• Assignment: Reproduce the listing below word for word and exclude any picture.

• Material provided:
━━━━━━━━━━━━━━━━━━━━━━━━━━━━━━

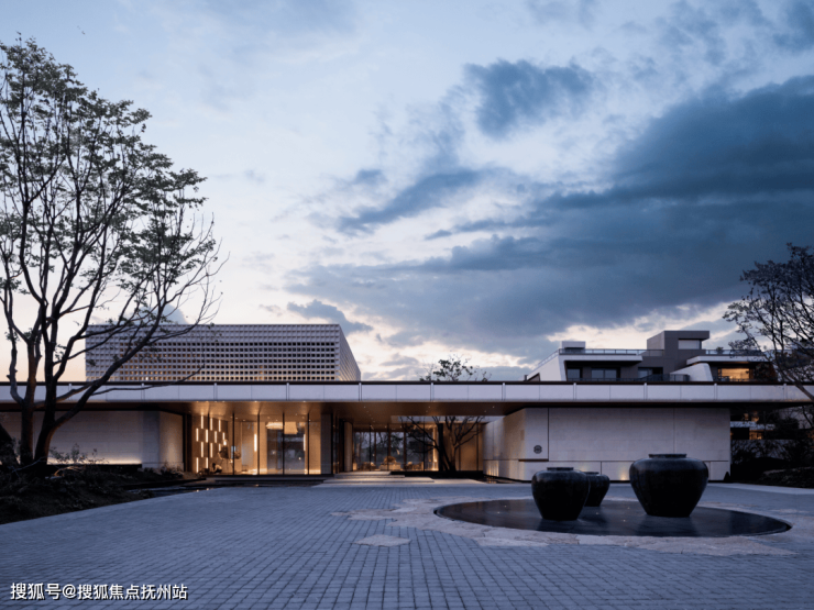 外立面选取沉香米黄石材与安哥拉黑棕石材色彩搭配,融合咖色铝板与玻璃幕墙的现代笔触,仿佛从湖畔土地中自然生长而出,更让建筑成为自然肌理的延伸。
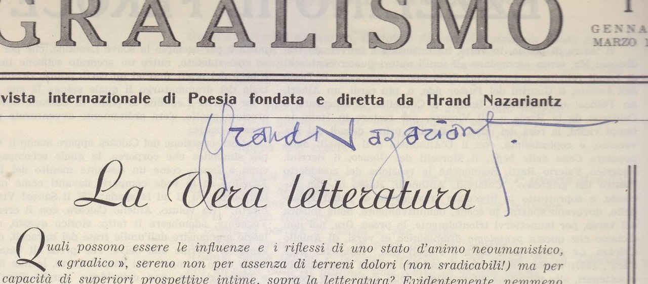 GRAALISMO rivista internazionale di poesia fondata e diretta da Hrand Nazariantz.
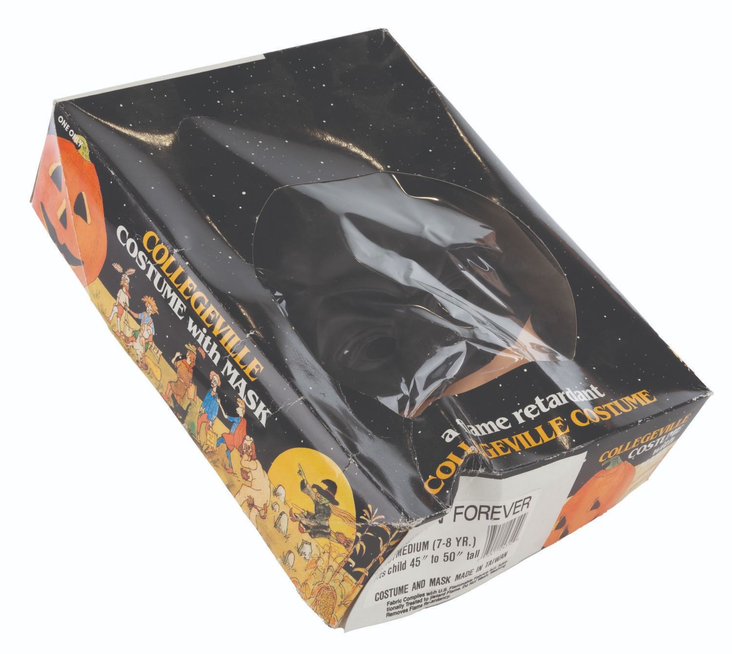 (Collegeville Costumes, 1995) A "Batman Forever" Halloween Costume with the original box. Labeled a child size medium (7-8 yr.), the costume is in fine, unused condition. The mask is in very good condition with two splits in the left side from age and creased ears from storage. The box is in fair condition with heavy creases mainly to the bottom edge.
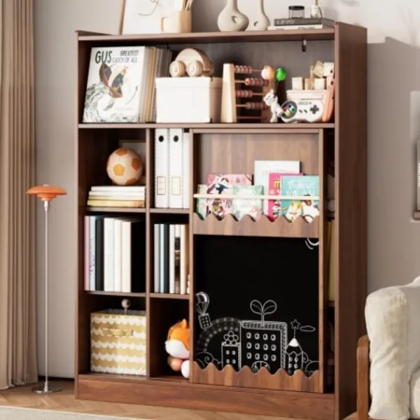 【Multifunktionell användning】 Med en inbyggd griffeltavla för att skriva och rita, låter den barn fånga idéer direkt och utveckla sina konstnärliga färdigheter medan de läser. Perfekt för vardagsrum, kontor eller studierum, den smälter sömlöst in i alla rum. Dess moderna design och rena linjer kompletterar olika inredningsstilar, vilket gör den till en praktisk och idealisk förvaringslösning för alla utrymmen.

━━━━━━━━━━━━━━━━━━━━━━━━━━━━━━

• Exercise answer:
 外立面选取沉香米黄石材与安哥拉黑棕石材色彩搭配,融合咖色铝板与玻璃幕墙的现代笔触,仿佛从湖畔土地中自然生长而出,更让建筑成为自然肌理的延伸。
 GRAALISMO rivista internazionale di poesia fondata e diretta da Hrand Nazariantz.
 (Collegeville Costumes, 1995) A "Batman Forever" Halloween Costume with the original box. Labeled a child size medium (7-8 yr.), the costume is in fine, unused condition. The mask is in very good condition with two splits in the left side from age and creased ears from storage. The box is in fair condition with heavy creases mainly to the bottom edge.
 【Multifunktionell användning】 Med en inbyggd griffeltavla för att skriva och rita, låter den barn fånga idéer direkt och utveckla sina konstnärliga färdigheter medan de läser. Perfekt för vardagsrum, kontor eller studierum, den smälter sömlöst in i alla rum. Dess moderna design och rena linjer kompletterar olika inredningsstilar, vilket gör den till en praktisk och idealisk förvaringslösning för alla utrymmen.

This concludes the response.